Data shown:
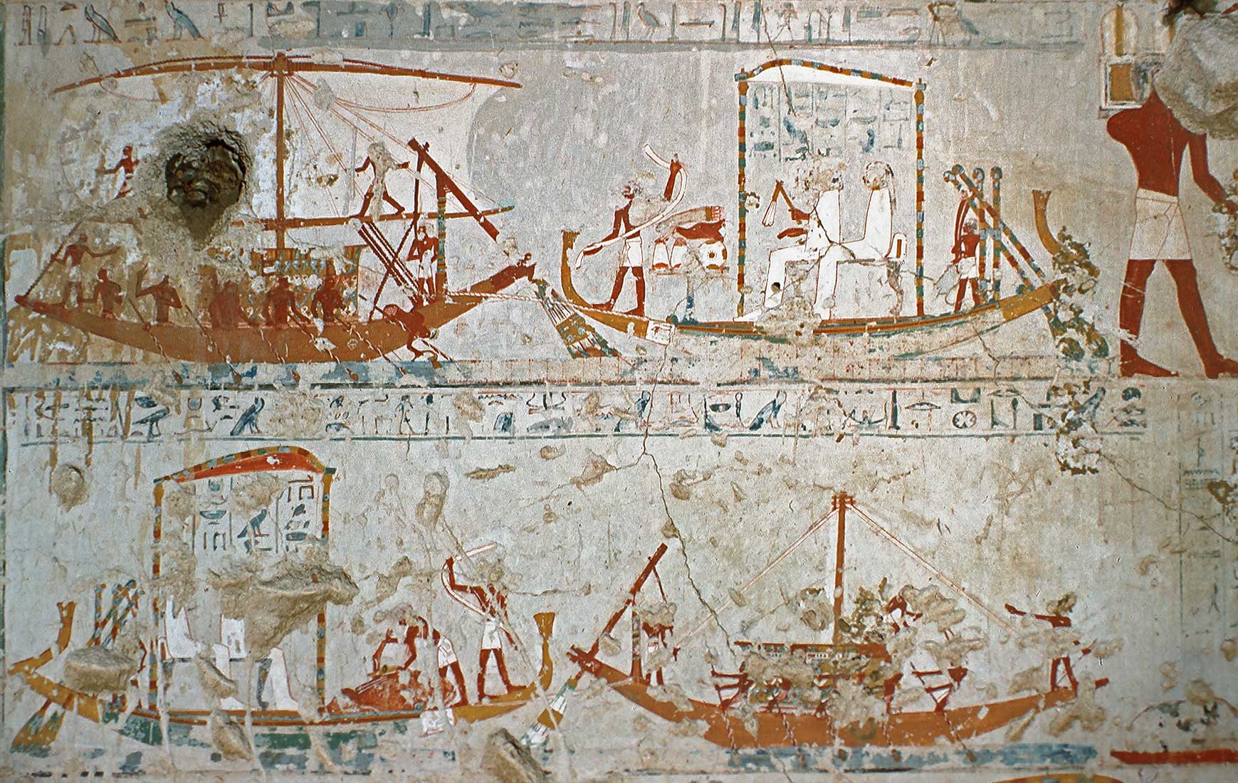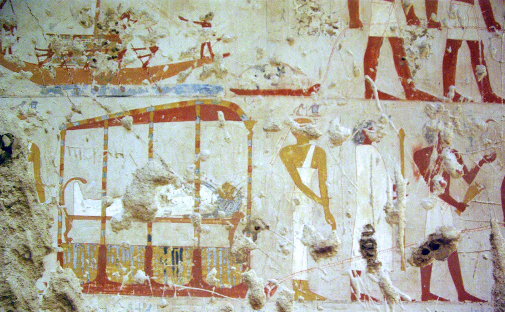 Su altra parete (6), il defunto in offertorio al visir Aamtju Ahmose e sua moglie; seguono (7) scene di caccia del defunto e della moglie alla gazzella nel deserto e all’ippopotamo (8), nonché scene di pesca e di uccellagione e testi magici.
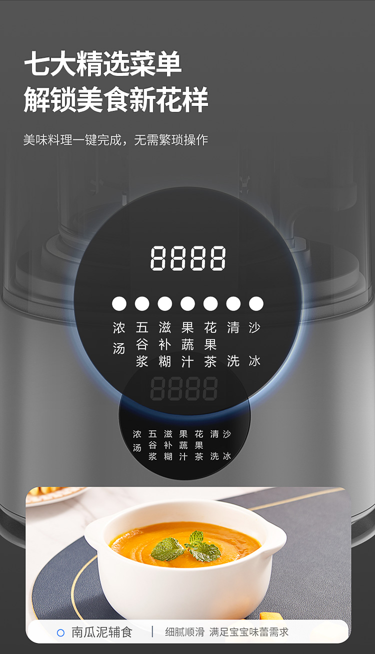 艾贝丽Abereve柔音破壁机家用豆浆机加热全自动榨汁机搅拌机辅食机早餐机ABL-JY712
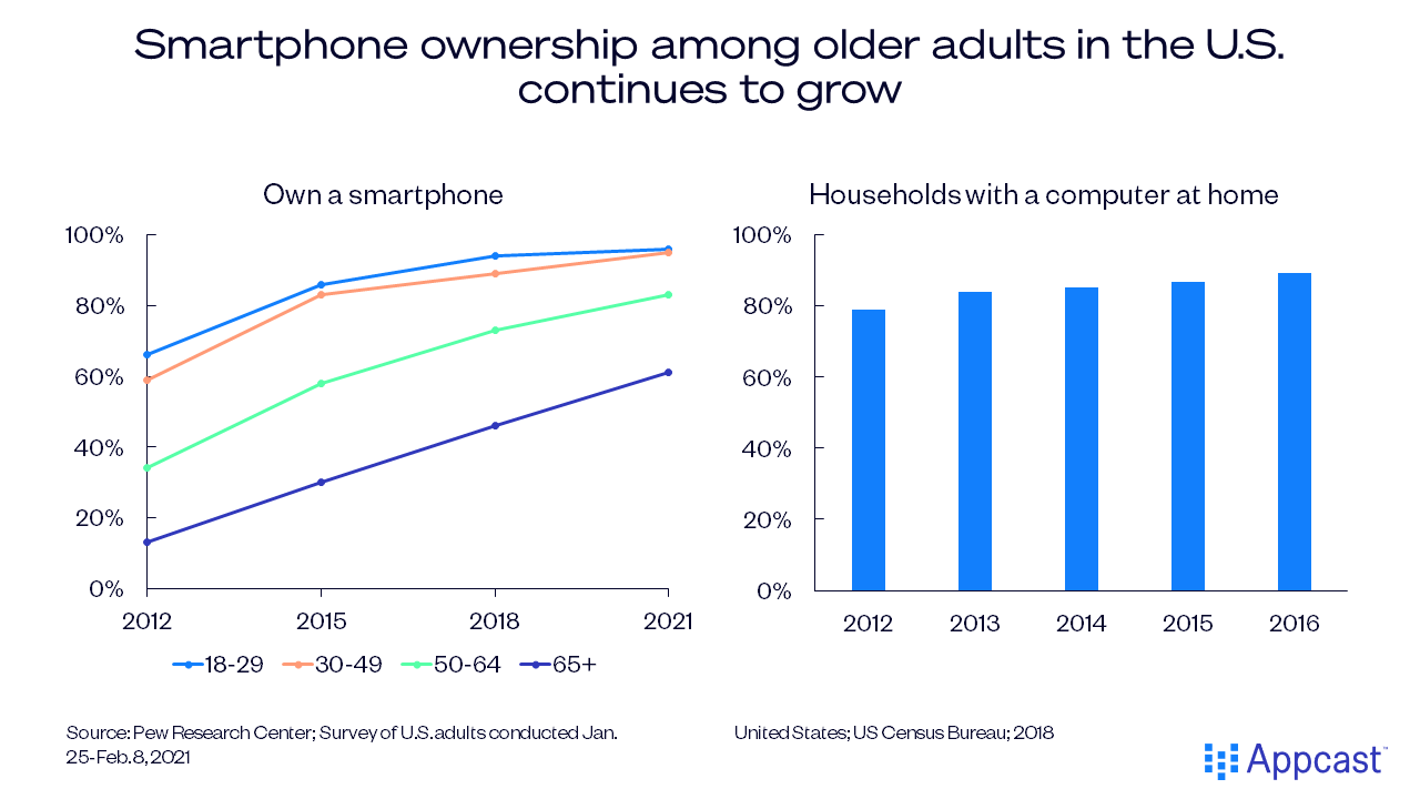 Access to the Internet is expanding globally across all age groups. In 2016, nine out of 10 U.S. households had a computer at home. Today, younger individuals are more likely to own a smartphone than a computer. A 2021 survey by the Pew Research Center indicates that today nearly every individual aged 18 to 49 and more than 80 percent of those aged 50 to 64 in the U.S. own a smartphone. The average time spent daily on a phone has also been increasing steadily within the past years, reaching a total of 4 hours and 30 minutes in April 2022.
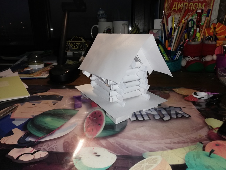 Всё сделал ребенок сам, сначала подставку, потом скручивали бревна и вот собрал избу.
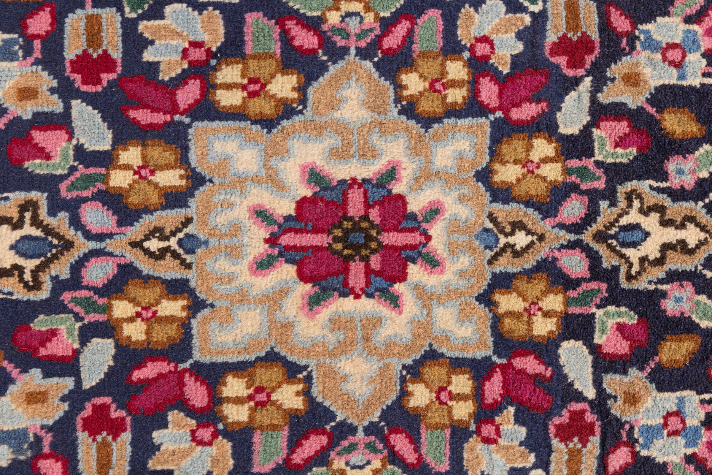 Esta alfombra Kerman convence por su calidad y diseño. Se anudó a mano en la ciudad de Kerman, un oasis en un desierto lejos de Teherán, con hilo de alta calidad durante meses. Contemple usted mismo esta obra de arte. Le dará a su habitación un hermoso toque oriental con adornos florales.
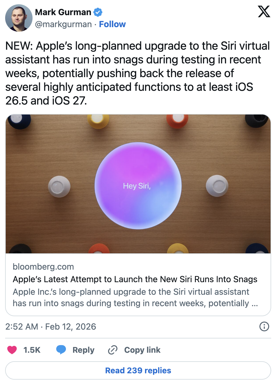 ก่อนหน้านี้มีรายงานว่า Siri โฉมใหม่จะเปิดตัวช่วงครึ่งหลังของเดือนกุมภาพันธ์ โดยมีการระบุวันที่ 23 กุมภาพันธ์เป็นเป้าหมาย
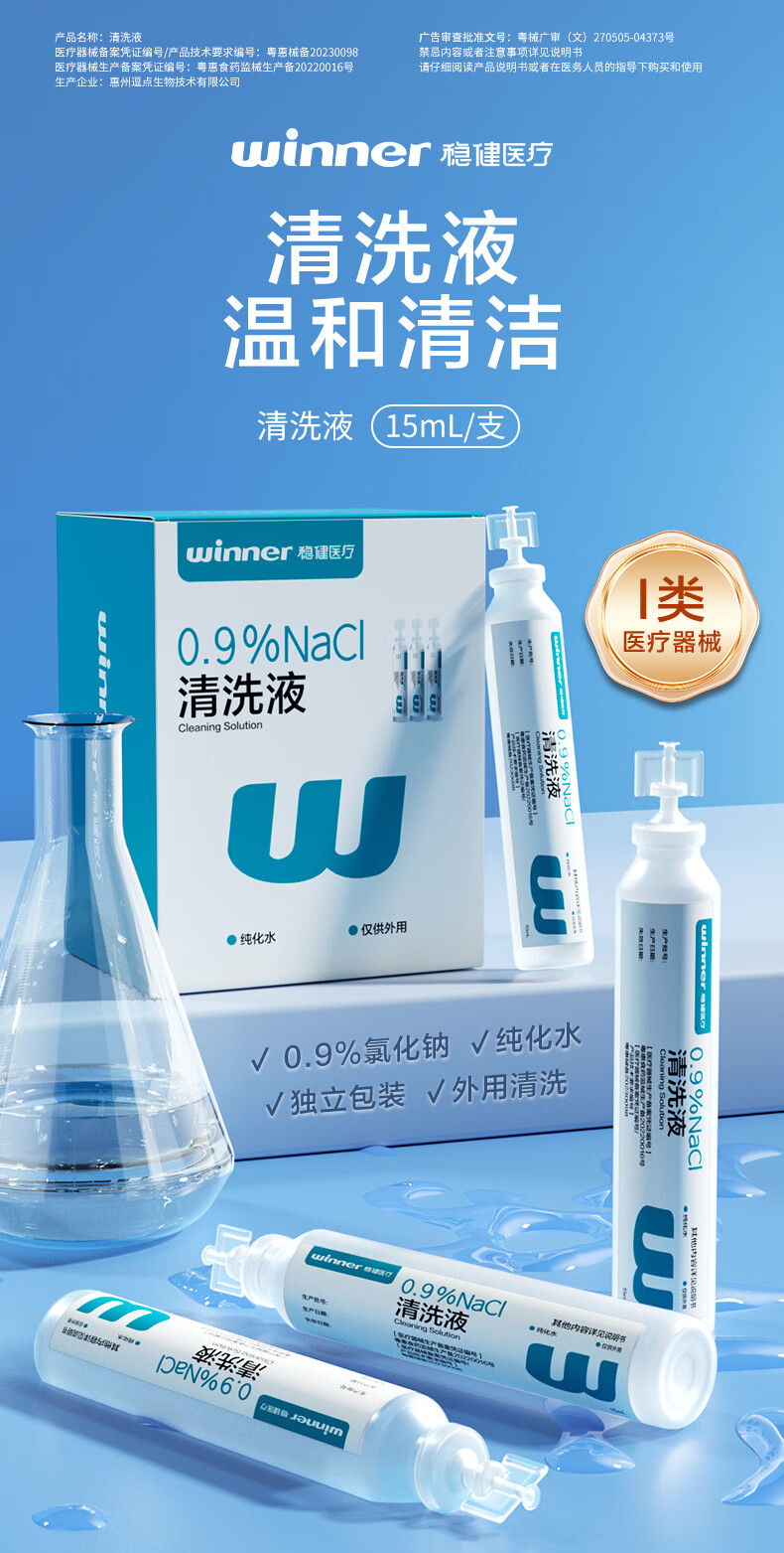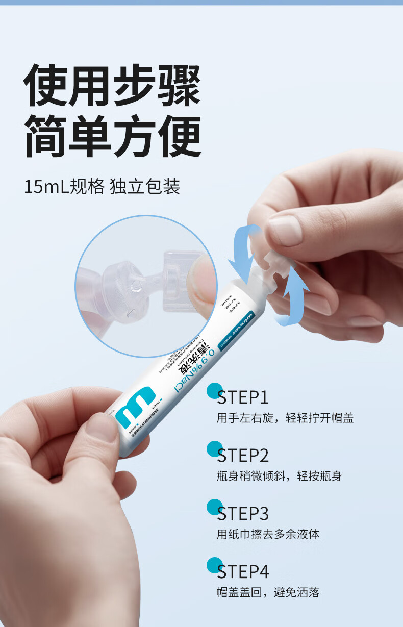 稳健医用生理盐水清洗液便携小支15ml*20支0.9%氯化钠清洁冲洗液
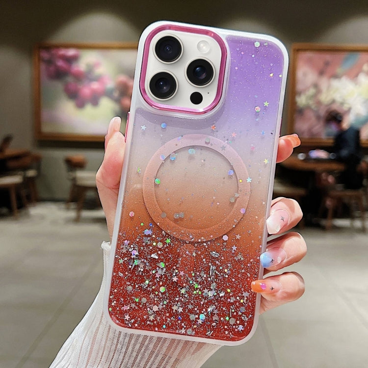 Funda para Teléfono iPhone 15 Pro Max Magsafe TPU con Lentejuelas y Brillo Degradado (Púrpura + Rojo)

Goal of the exercise: Exact reproduction of the entries above is what's needed; images stay out.

Solution for this problem:
 Su altra parete (6), il defunto in offertorio al visir Aamtju Ahmose e sua moglie; seguono (7) scene di caccia del defunto e della moglie alla gazzella nel deserto e all’ippopotamo (8), nonché scene di pesca e di uccellagione e testi magici.
 艾贝丽Abereve柔音破壁机家用豆浆机加热全自动榨汁机搅拌机辅食机早餐机ABL-JY712
 Access to the Internet is expanding globally across all age groups. In 2016, nine out of 10 U.S. households had a computer at home. Today, younger individuals are more likely to own a smartphone than a computer. A 2021 survey by the Pew Research Center indicates that today nearly every individual aged 18 to 49 and more than 80 percent of those aged 50 to 64 in the U.S. own a smartphone. The average time spent daily on a phone has also been increasing steadily within the past years, reaching a total of 4 hours and 30 minutes in April 2022.
 Всё сделал ребенок сам, сначала подставку, потом скручивали бревна и вот собрал избу.
 Esta alfombra Kerman convence por su calidad y diseño. Se anudó a mano en la ciudad de Kerman, un oasis en un desierto lejos de Teherán, con hilo de alta calidad durante meses. Contemple usted mismo esta obra de arte. Le dará a su habitación un hermoso toque oriental con adornos florales.
 ก่อนหน้านี้มีรายงานว่า Siri โฉมใหม่จะเปิดตัวช่วงครึ่งหลังของเดือนกุมภาพันธ์ โดยมีการระบุวันที่ 23 กุมภาพันธ์เป็นเป้าหมาย
 稳健医用生理盐水清洗液便携小支15ml*20支0.9%氯化钠清洁冲洗液
 Funda para Teléfono iPhone 15 Pro Max Magsafe TPU con Lentejuelas y Brillo Degradado (Púrpura + Rojo)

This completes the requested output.